С четверга до четверга - [22]

Шрифт
Интервал

Муха с подоконника перелетела на стол, поползла по клеенке, остановилась перед фотографией. Фронтовое фото — 9 на 12 — боец, пехотинец, прямой серьезный парнишка в огромных кирзовых сапогах. Пряжка начищена кирпичом, пилотка немного набок на стриженой голове, торчащие уши, курносый нос, прыщик над верхней губой. Видно, что ни разу еще не брился. А глаза — выпуклые старательно неподвижные и молочно-гладкий глупый еще лоб.

— Ахтунг! — крикнул фотограф. Парень расслабил шею, скупо улыбнулся: когда щелкнул затвор, на одну секундочку почудилось, что это — пуля, и он ощутил невесомость мертвого, но еще стоящего тела и птицу, рванувшуюся через глаза в пустоту. И — очнулся. Он увидел — четко и в красках — бордовое стеганое одеяло, деревянный стол, бронзовую жирную муху на вытертой клеенке стола. Он скинул ноги с кровати, сел. Муха перелетела на обои. Вечернее солнце дробило по обоям оранжевые квадратики. И по столу тоже. На столе стоял красный фарфоровый чайник с отбитым носиком. А за столом сидел пацан в застиранной сатиновой рубашке, скуластый, пучеглазый, и тянул с блюдечка жидкий чай. У него торчали уши, зрачки обшаривали стол — нет ли еще хлебца? «На полке возьми!» — хотел сказать Ваня и испугался: это был совсем не сон. Это был он сам.

* * *

— Я не могу больше с ним, сколько же лет терпеть можно? — сдержанно-безучастно сказала сестра. — Совсем замолчал, кого-то в комнате видит, боится…

Старый психиатр терпеливо слушал, потирал подбородок длинным пальцем.

— Аврам Герасимович! — Голос ее сорвался, она вскинула глаза. — Ведь он как без вести пропавший, ни фамилии, ничего… И я с ним уже… Помогите! Мария Васильевна говорила, приехал хирург, трепанации делает, профессор… Поговорите с ним! Уж лучше б я… не…

— Куманин здесь проездом, — сказал психиатр. — Правда, он заинтересовался этим случаем, он полагает, что здесь пролом, гематома, давление… Хм! Не знаю, не знаю… Ведь это очень рискованно, Люда. Нет, я — против. Не советую.

— Аврам Герасимович! — сестра говорила все тише и напряженней, щеки пошли пятнами. — Прошу вас! Ведь вся жизнь… Моя. И его тоже… — сказала она с хриплой прямотой отчаяния, и он понял.

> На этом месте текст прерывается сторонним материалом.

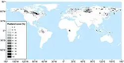 Peatlands are found around the globe, although are at their greatest extent at high latitudes in the Northern Hemisphere. Peatlands are estimated to cover around 3% of the globe's surface,[6] although estimating the extent of their cover worldwide is difficult due to the varying accuracy and methodologies of land surveys from many countries.[2] Mires occur wherever conditions are right for peat accumulation: largely where organic matter is constantly waterlogged. Hence the distribution of mires is dependent on topography, climate, parent material, biota and time.[10] The type of mire—bog, fen, marsh or swamp—depends also on each of these factors.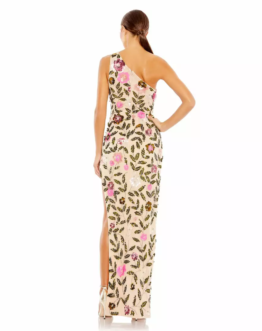 Mac Duggal Floral Sequined One Shoulder Column Gown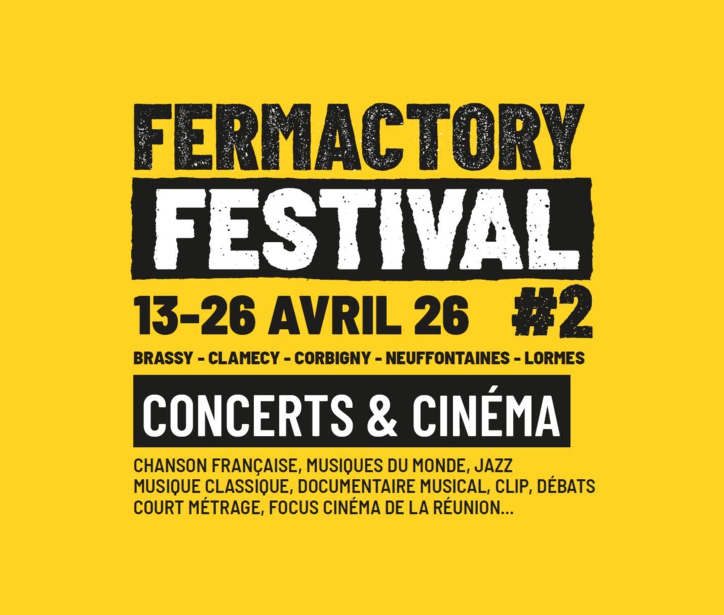 Au printemps, le Fermactory Festival se donne pour mission de faire dialoguer l’art, le patrimoine et les habitant qui peuplent ce territoire. Il se déploie en deux mouvements, deux respirations qui se répondent et s’enrichissent mutuellement. D’abord, le cinéma, avec des courts métrages, des documentaires et des longs métrages porteurs de sens, tandis que les réalisateurs et réalisatrices viennent à la rencontre du public. Puis vient le temps des concerts, ceux qui s’élèvent dans la Chapelle du Mont Sabot. Le temps d’un weekend, la musique y résonne différemment, qu’elle soit chanson française, jazz, classique ou venue d’ailleurs.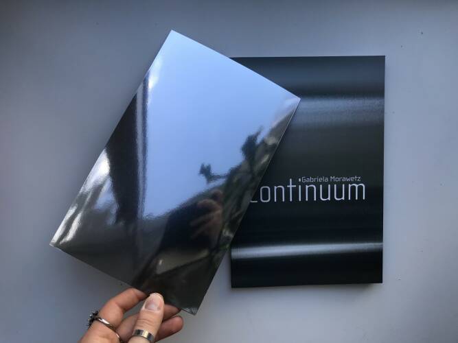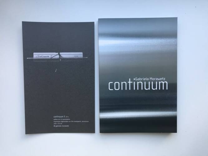 This catalogue presents photographs from Gabriela Morawetz's solo exhibition CONTINUUM. The majority of the photographs were made using a silver print technique on black paper.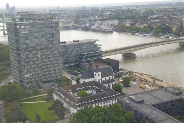 Das Lanxess Gebäude aus den 70ern erschlägt das kleine Kloster St. Heribert, dazwischen befinden sich die Reste des Römertors. Am Rhein wird der Rheinboulevard gebaut. Unklar ist, ob der mittelalterliche Wehrturm den modernen Betonplatten weichen muss.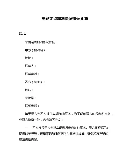 车辆定点加油协议样板6篇篇1车辆定点加油协议样板甲方(加油站):地址:联系人:联系电话:乙方(车主):姓名:车牌号:联系电话:鉴于甲方为乙方提供车辆加油服务,为了明确双方的权利和义务,经双方协商一致,达成如下协议:一、乙方授权甲方为其车辆进行定点加油服务。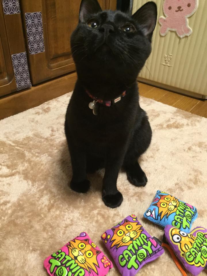 ナゼだか?オモチャで遊んでいると、必ず咥えて私の足元でケリケリ♪
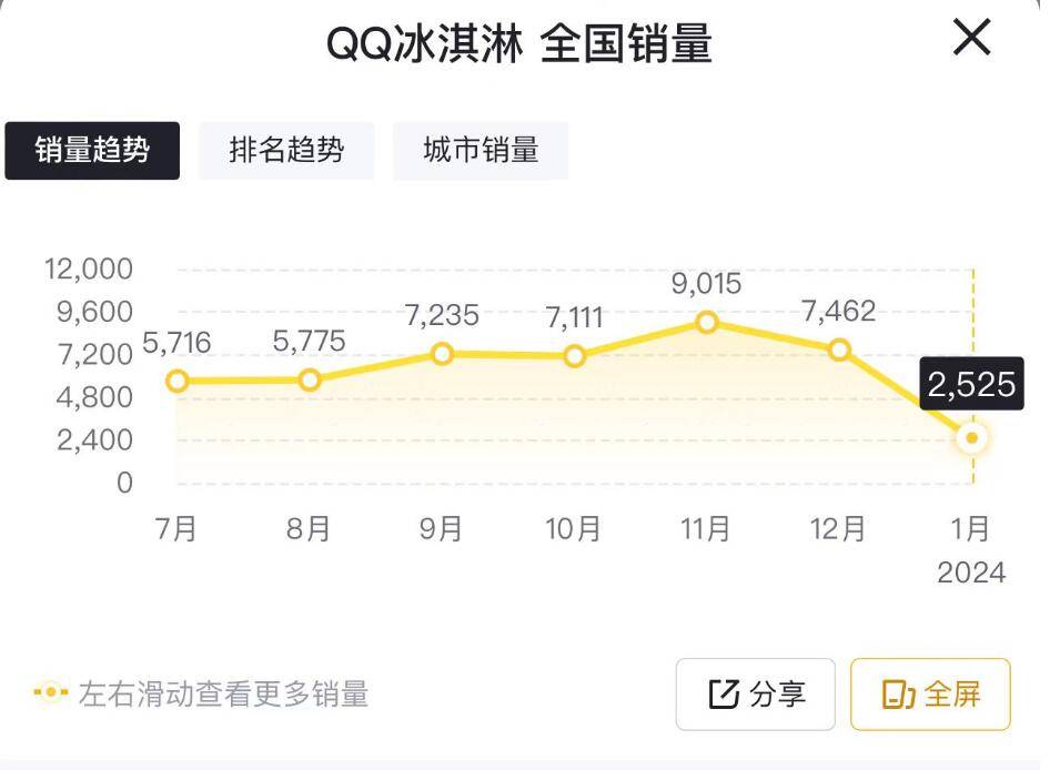 如果從2023年1月份開始算,那么2024年1月份,QQ冰淇淋可以說是創(chuàng)造了“銷量新低”。所以,這個銷量成績,難免不讓人感到詫異。

— Хорошо. — Он опустил веки. — Я спрошу. Но вы понимаете, что может стать хуже? — Карие глаза смотрели грустно, серьезно. — Совсем хуже. Понимаете?

— Куда уж хуже-то?! — сказала она, торопясь отстоять свое. Базилевич встал и, повернувшись к окну, стал развязывать тесемку на рукаве халата. Серый блик передвигался по желтой лысине.

— Хорошо, — сказал он устало. — Делайте пока анализы. Клинический крови. Рентген. Я напишу направление. Я поговорю с Ираклием Федоровичем.

Она стояла и смотрела в затылок врача такими напряженными, лихорадочными глазами, которых никто никогда не видел на ее профессионально бесстрастном лице.

ЧАСТЬ ВТОРАЯ

«Снимите каску!»

Язык мешал во рту; в пожухлой траве расползалась вонь тола; длинная борозда пропорола землю совсем рядом.

Слева стукнула противотанковая пушка, другая; в осеннем тумане лопались глухие пузыри взрывов.

«Не вижу — снимите!» — повторил он. Изморозь на осоке перед самыми глазами остекленела изнутри, и вся кочка, как под линзой, вспыхнула, и зрачки опалило ледяным огнем, а потом накрыло, точно шапкой.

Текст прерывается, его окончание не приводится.